**What you should do:** All of the data should be output character for character, except the pictures.
*** Given information Section Begins ***
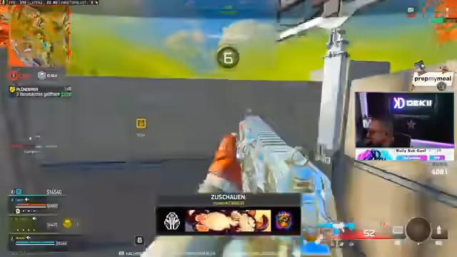 01:47:41Ein großer Teil des Streams besteht aus intensiven Kämpfen im Spiel. Der Streamer und sein Team befinden sich häufig im Endgame, kämpfen um Platzierungen und looten aktiv. Es wird über verschiedene Landespots, wie z.B. einen Brückenbereich, diskutiert und strategische Züge wie das Nutzen von "Luft" (Luftbrücke) sind entscheidend. Der Chat wird aktiv in die Lage einbezogen, indem er um Tipps und Analysen gebeten wird. Die Kommunikation ist schnelllebig und auf die laufenden Kampfhandlungen ausgerichtet, wobei der Streamer oft über gegnerische Positionen und seine eigenen Todesfälle spricht.
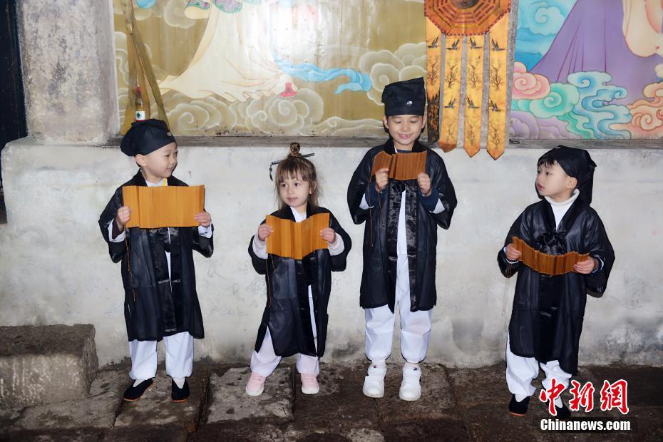 10月16日,在“道教名山”、世界自然遺產(chǎn)地江西上饒三清山,5名來自中外的萌娃身穿統(tǒng)一道服,手持竹簡,在三清宮跟著道教師傅朗讀《道德經(jīng)》、《弟子規(guī)》,學習太極拳、書法、古箏等中國傳統(tǒng)文化。這群萌娃中年齡最小的僅11個月,年齡最大也只有6歲。程希雪攝
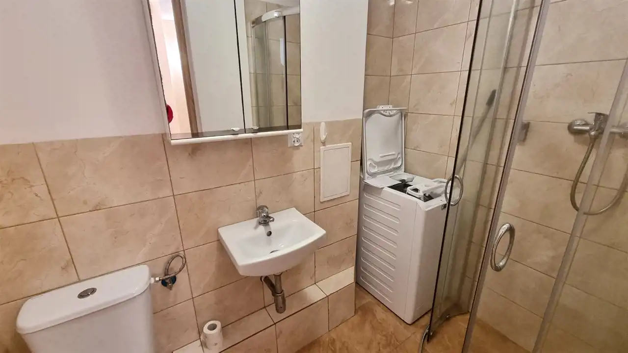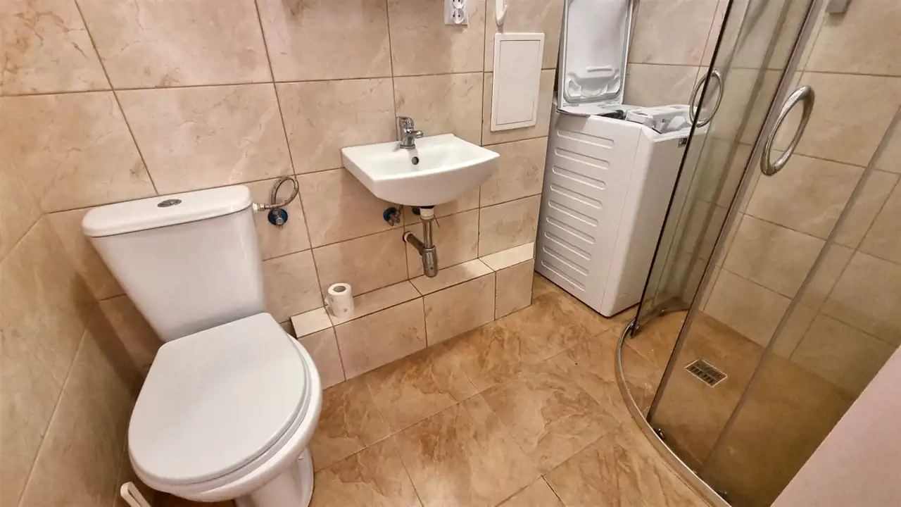 - ŁAZIENKA+ WC: ok. 3,5 m kw, nowoczesna glazura i terakota, kabina prysznicowa, umywalka, sedes, pralka
*** Given information Section Ends ***
**Solution for this exercise:**
 01:47:41Ein großer Teil des Streams besteht aus intensiven Kämpfen im Spiel. Der Streamer und sein Team befinden sich häufig im Endgame, kämpfen um Platzierungen und looten aktiv. Es wird über verschiedene Landespots, wie z.B. einen Brückenbereich, diskutiert und strategische Züge wie das Nutzen von "Luft" (Luftbrücke) sind entscheidend. Der Chat wird aktiv in die Lage einbezogen, indem er um Tipps und Analysen gebeten wird. Die Kommunikation ist schnelllebig und auf die laufenden Kampfhandlungen ausgerichtet, wobei der Streamer oft über gegnerische Positionen und seine eigenen Todesfälle spricht.
 10月16日,在“道教名山”、世界自然遺產(chǎn)地江西上饒三清山,5名來自中外的萌娃身穿統(tǒng)一道服,手持竹簡,在三清宮跟著道教師傅朗讀《道德經(jīng)》、《弟子規(guī)》,學習太極拳、書法、古箏等中國傳統(tǒng)文化。這群萌娃中年齡最小的僅11個月,年齡最大也只有6歲。程希雪攝
 - ŁAZIENKA+ WC: ok. 3,5 m kw, nowoczesna glazura i terakota, kabina prysznicowa, umywalka, sedes, pralka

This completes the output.